Traditional agents have criticized Mr. Kelman for appearing, as did representatives of the Justice Department and the F.T.C., before a House subcommittee that was looking into real estate law. At the hearing, Representative Maxine Waters, Democrat of California, wasn’t buying his complaints that agents would not show homes to his clients, and seemed doubtful that it was a serious matter. “You want us to stop people from bullying you?” she asked.
Some agents say the biggest problem with Redfin is that it complains too much. “Someone may be trying to manufacture controversy, even going so far as to bait other real estate practitioners, invite ‘war stories’ on their blog and whine to Congress and to newspaper reporters that they’re being treated unfairly,” said Marlow Harris, a Seattle agent with Coldwell Banker Bain Associates who also runs the real estate blog 360digest.com.
Still, Redfin agents — like their customers — say they meet real resistance from traditional brokers. Ms. Howard, for example, said that in her first days at Redfin, several agents for sellers said they were too busy to show a house to her clients. “That was my boot camp,” she said.

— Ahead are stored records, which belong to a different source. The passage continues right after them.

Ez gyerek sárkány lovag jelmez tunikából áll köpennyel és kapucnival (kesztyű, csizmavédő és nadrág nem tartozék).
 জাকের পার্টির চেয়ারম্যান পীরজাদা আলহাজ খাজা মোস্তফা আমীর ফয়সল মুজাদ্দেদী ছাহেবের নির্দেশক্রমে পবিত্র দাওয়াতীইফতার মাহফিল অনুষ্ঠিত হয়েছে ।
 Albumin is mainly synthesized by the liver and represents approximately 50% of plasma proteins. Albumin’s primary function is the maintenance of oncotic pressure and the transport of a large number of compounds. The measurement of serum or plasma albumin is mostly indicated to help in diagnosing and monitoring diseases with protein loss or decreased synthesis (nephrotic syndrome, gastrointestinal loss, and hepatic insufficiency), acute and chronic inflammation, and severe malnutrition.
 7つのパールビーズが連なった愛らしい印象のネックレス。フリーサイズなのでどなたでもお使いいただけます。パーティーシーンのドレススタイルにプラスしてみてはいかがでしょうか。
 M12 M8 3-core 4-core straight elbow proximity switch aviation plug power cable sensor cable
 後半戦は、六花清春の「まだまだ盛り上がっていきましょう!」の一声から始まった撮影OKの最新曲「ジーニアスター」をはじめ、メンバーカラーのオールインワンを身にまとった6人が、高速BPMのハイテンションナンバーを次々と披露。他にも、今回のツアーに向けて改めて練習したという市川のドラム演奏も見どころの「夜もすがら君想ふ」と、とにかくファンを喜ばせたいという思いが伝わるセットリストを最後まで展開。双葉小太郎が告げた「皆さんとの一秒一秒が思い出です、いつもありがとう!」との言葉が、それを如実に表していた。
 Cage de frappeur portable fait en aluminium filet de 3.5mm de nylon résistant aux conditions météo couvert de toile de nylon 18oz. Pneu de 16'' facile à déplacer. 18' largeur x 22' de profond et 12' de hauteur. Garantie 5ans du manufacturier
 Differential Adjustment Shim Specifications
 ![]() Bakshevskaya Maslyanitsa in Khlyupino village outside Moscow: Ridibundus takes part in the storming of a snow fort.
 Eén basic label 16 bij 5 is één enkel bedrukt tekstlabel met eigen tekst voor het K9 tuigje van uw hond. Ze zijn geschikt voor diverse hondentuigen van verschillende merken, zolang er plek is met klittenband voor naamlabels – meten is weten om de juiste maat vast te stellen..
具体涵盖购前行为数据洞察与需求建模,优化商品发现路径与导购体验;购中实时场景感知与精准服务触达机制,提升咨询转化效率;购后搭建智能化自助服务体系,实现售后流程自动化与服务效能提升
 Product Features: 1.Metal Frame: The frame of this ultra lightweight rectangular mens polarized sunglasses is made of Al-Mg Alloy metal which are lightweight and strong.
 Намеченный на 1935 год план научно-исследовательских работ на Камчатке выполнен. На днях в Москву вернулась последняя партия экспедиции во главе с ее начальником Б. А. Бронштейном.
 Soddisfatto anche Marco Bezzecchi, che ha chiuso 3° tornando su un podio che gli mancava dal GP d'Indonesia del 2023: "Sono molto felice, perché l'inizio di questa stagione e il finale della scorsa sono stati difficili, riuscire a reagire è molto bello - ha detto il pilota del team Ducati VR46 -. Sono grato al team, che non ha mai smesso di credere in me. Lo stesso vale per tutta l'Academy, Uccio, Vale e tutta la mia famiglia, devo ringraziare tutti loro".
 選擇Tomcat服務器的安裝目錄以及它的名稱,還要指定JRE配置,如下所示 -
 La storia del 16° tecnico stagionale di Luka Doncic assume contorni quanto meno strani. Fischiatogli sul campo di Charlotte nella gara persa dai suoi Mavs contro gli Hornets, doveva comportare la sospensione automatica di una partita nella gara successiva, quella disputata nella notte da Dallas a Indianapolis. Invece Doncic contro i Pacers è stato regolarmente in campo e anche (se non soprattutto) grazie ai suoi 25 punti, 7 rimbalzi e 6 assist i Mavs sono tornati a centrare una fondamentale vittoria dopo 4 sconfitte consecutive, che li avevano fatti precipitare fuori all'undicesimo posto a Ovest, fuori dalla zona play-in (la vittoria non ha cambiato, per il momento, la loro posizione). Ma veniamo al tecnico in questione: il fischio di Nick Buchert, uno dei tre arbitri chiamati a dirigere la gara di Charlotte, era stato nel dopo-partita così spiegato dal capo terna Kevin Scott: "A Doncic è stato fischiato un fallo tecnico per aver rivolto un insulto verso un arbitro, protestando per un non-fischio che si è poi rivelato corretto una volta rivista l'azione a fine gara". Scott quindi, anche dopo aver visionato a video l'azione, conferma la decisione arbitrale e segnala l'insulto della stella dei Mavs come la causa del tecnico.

When that happens, Redfin agents contact the sellers and let them know that their agent will not show the house. When they cannot find a phone number, they send a registered letter. When sellers have moved, they track them down through the relocation service that moved them.
That is hardball, but the online agents have learned to be tough. “If we didn’t do that, the word would get out that Redfin can be blocked,” Ms. Howard said. When Redfin said it would try to make peace with rival agents by sending them gift cards for coffee, some of them told Redfin that such a move could violate a Department of Housing and Urban Development regulation having to do with transactions between agents. Redfin scuttled the plan.
Mr. Fox, the chief executive of BuySide, a start-up that operates in five states, says his company is working harder to get along with existing agents. “You have to play by their rules until the value to the customer drives the change,” he said.
Redfin’s financial backers, who so far have invested $8 million in the company, say they see parallels in the past introductions of automatic teller machines, big-box stores and discount stock brokerage firms — all innovations that faced industry resistance until consumers embraced them and forced change.
“You can only move as fast as the consumer; you can’t move faster,” said Marc A. Singer, general partner at BEV Capital, a venture capital firm in Stamford, Conn., that specializes in consumer businesses and is a Redfin investor. Redfin, he said, is becoming smarter in each market it enters. “You learn to cookie-cutter that fight,” he said.
AMID its battles, a funny thing happened to Redfin. It realized it was not primarily a tech company, but a real estate broker. It moved to stylish offices in Pioneer Square in Seattle because many customers wanted to meet agents the old-fashioned way: in person. Redfin posts pictures of agents on the Web so that customers realize, as Mr. Kelman says, “they won’t be talking to a person in Mumbai, India.”
Redfin said it planned to use the power of the Internet to personalize listings — if local M.L.S.’s allow it. Sellers, for example, could post online brochures that describe the history of their houses, any improvements made or what makes the homes special to them. Buyers, meanwhile, would automatically get help in searches through software that analyzes their past queries.
(Some local M.L.S.’s are particularly eager to fight one Redfin innovation: a display of how long homes have been listed on the market, a possible tip-off to buyers of an eager seller.)
“If you give people freedom, you can’t take it away,” Mr. Kelman said. “A consumer force has been unleashed.”